A decade on, Pinochet's arrest and the legal precedent that it established has achieved a considerable amount of truth and justice without bringing domestic politics and international relations to a state of collapse. Yet, some of its most staunch supporters are worried about the future. "There remains a great deal to be done to fulfil the hope created by the arrest of Pinochet", says Irene Khan, secretary-general of Amnesty International. "Thousands of perpetrators of human-rights abuses are still at large, avoiding justice in safe havens around the world".
The political will essential to the success of universal jurisdiction is frequently lacking. Even when countries have passed laws permitting universal jurisdiction for international crimes such as torture and war crimes, they are frequently loath to exercise universal jurisdiction in practice. The political reality is that governments routinely do not see it as in their interest to go after the Pinochets of the world. To implicate foreign government officials could, after all, be inconvenient or embarrassing to the country where the court is located.
Since 1998, while several former or current heads of state have been subject to international indictments in international courts, the domestic courts of third countries have yet to extradite or try anyone of Pinochet's stature for crimes committed in their own countries. The one exception is the arrest in Senegal in February 2000 (just days before Pinochet returned home) of the ex-president of Chad, Hissène Habré, on torture charges. Habré is the first former African head of state to be charged with international human-rights crimes by the court of another African country.
A law for all
These currents flowing from the historic arrest of 16 October 1998 highlight perhaps the major present-day challenge to the legitimacy of universal jurisdiction: that of double-standards. It is unlikely that (for example) Russian officials will be rendered accountable for war crimes in Chechnya, or that United States leaders will be called to account for the crimes they authorised at Guantánamo and in Iraq.

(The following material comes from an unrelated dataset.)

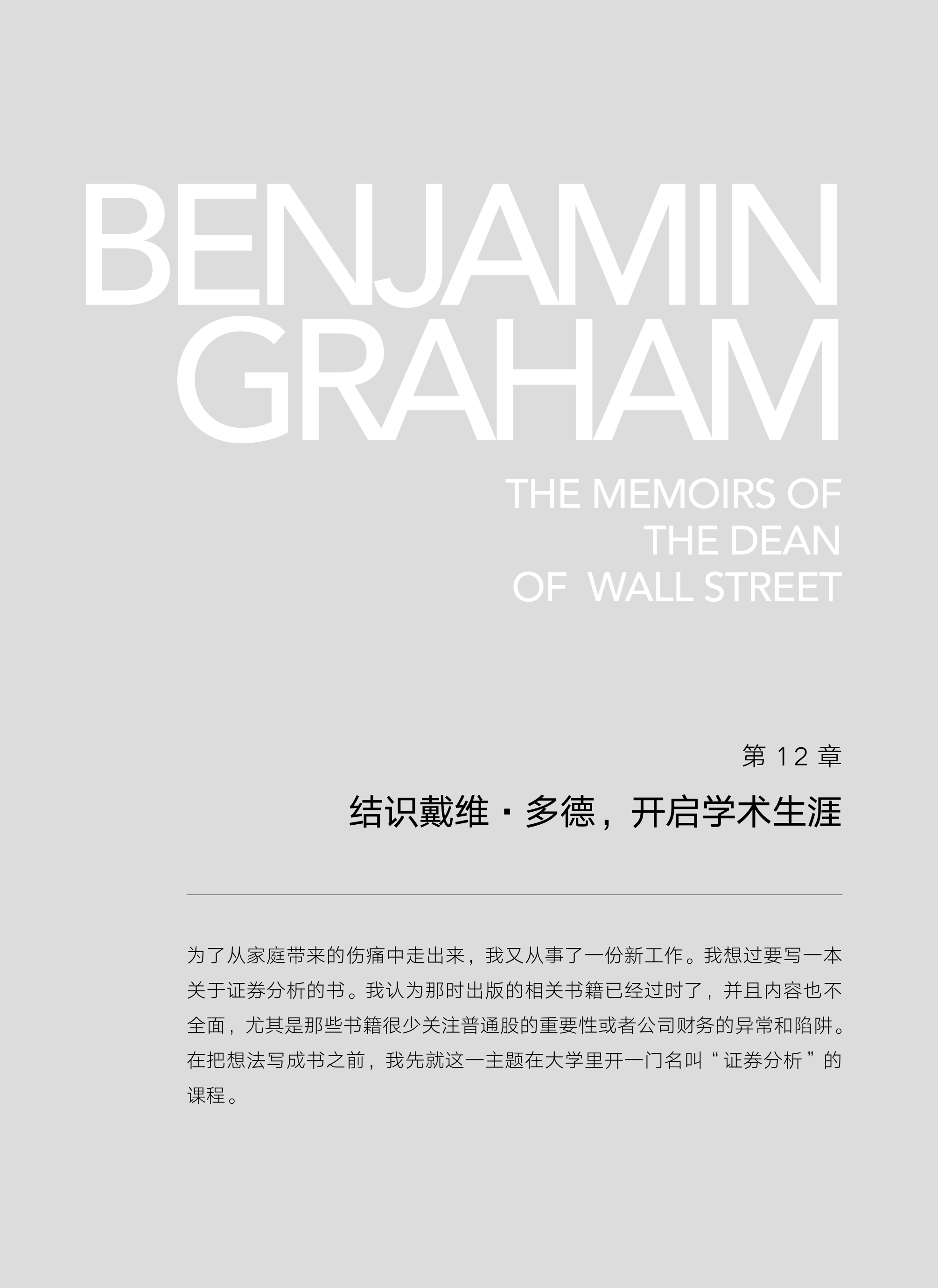 我的学术生涯就是这样开始的,并持续了40多年。其间,我在哥伦比亚大学和加州大学伯克利分校获得了各种教授头衔,还在其他机构举办了很多演讲课程。在我1927年的秋季课程中,有一位名叫戴维·多德的学生,当时他还是哥伦比亚大学商学院的助理教授,后来成了我的助教以及“华尔街圣经”《证券分析》一书的合著者。他还是我投资事业的重要合伙人以及可靠而忠诚的朋友。

Such double-standards in the consideration and application of universal jurisdiction help explain why many - governments and analysts alike - see this principle as simply the expression of great-power preferences. Under this optic, some governments (especially in Africa) argue that universal jurisdiction is partial, selective, neo-colonial and has become a form of scapegoating. Although some of this criticism is self-serving, it is only when universal jurisdiction is applied across the board that it will be possible fully to rebut these condemnations.
The various methods by which some great powers and their allies have sought to evade the application of international justice give added weight to the double-standards point. The cases include the George W Bush administration's opposition to the International Criminal Court; its enforcement of bilateral agreements on aid-dependent countries that guarantee the immunity of United States nationals from the court; its strong-arm pressure against Belgium and Germany to retreat from universal-jurisdiction laws or complaints that might have ensnared (respectively) senior US military officials and the former defence secretary Donald Rumsfeld; and its efforts to bypass the Geneva and torture conventions at Guantanamo and in Iraq.
At the core of the Augusto Pinochet case is the notion that the rule of law applies to all equally; and that international crimes, and their prosecution, increasingly know no borders. In the long term, its legacy should be a sobering one for those who have sought to evade the application of international justice - especially when they travel abroad.